• Question: What have you enjoyed working on the most in epidemiology and why?

    Asked by Hannah to Kevin, Liz, Beccy, Rosie on 9 Jun 2017.
    • Photo: anon

      anon answered on 9 Jun 2017:


      Being able to play a part is something as monumental as the control of Ebola in West Africa is definitely the most rewarding.

      I’ve also been able to work with some really amazing scientists – including Sir Roy Anderson and Sir David Cox. They were both my mentors.

      To demonstrate the scale of the challenge controlling the West African Ebola epidemic consider that there were over 20,000 cases of Ebola and over 10,000 deaths but if not for international control efforts, it could have been much worse. I am not a medic – I can’t help individual patients but I can help understand how the disease is spreading, whether it is getting better or worse and what control measures are working best.

    • Photo: Kevin Pollock

      Kevin Pollock answered on 9 Jun 2017:


      I have enjoyed working on the impact of the HPV vaccine on HPV-driven cancers – these include cervical, vulvovaginal and head and neck cancers. In Scotland, we can link datasets and see which women have been vaccinated, when they attend for the first smear and whether the vaccine reduces the HPV infection (which can lead to cancer). Our data suggest that the vaccine is associated with a 90% reduction in cancerous HPV infections. This is great news, especially as it seems to do better in those women from more deprived areas, where the burden of cervical cancer is highest.

    • Photo: Rosie Fok

      Rosie Fok answered on 10 Jun 2017:


      The epidemiology I work on most is on a small scale / local level. For example, working with the hospital’s infection control nurses to find out how a specific infection might be spreading from patient to patient. Then we put measures in place to stop the spread. This might be as simple as reminding people to wash their hands, or changing the way the basin on the ward is used.

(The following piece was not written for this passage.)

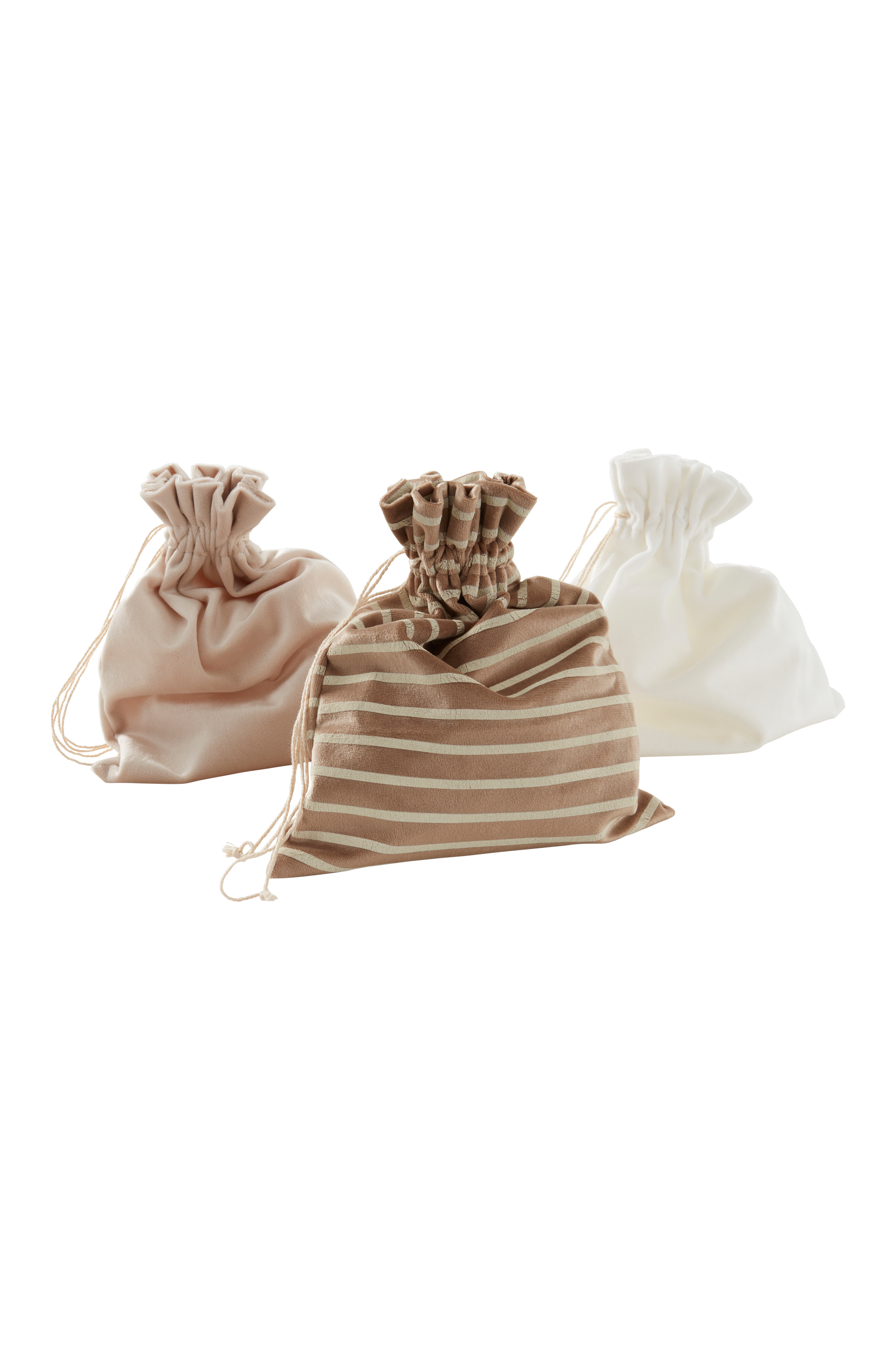 3 torebki na prezenty wykonane z poliestrowego aksamitu. Trzy aksamitne woreczki, z których każdy jest inny - jeden jest w paski, a dwa są gładkie i w różnych kolorach. Woreczki zamykane są za pomocą ściąganych sznureczków. Są idealne do przechowywania drobiazgów i tak piękne, że z powodzeniem mogą zastąpić papier przy pakowaniu prezentów.

    • Photo: Liz Buckingham-Jeffery

      Liz Buckingham-Jeffery answered on 11 Jun 2017:


      I have only worked in epidemiology for a few years, and in that time I’ve mostly worked on one project about norovirus. (Norovirus is an illness which causes vomiting and diarrhoea.) So I guess that has been my favourite project to work on so far! But within that project, the part I enjoy the most is probably writing computer programmes.

      Epidemiologists use computer programmes for lots of things. I’ll explain just one example. Pretend, for example, that we have a new vaccine. We want to know whether if we can just vaccinate children this will be enough to stop most of the disease. Because the vaccine is expensive so we can’t give it to everyone. But we obviously can’t do an experiment on a real group of people! So we can write a computer programme that includes important things about how diseases spread in real life, and see what happens when we ‘vaccinate’ the ‘population’ in the computer programme.

      I enjoy writing these computer programmes because it is just a big, logical problem solving puzzle. And that is the kind of thing I enjoy. I like logic puzzles, I think my brain just works that way!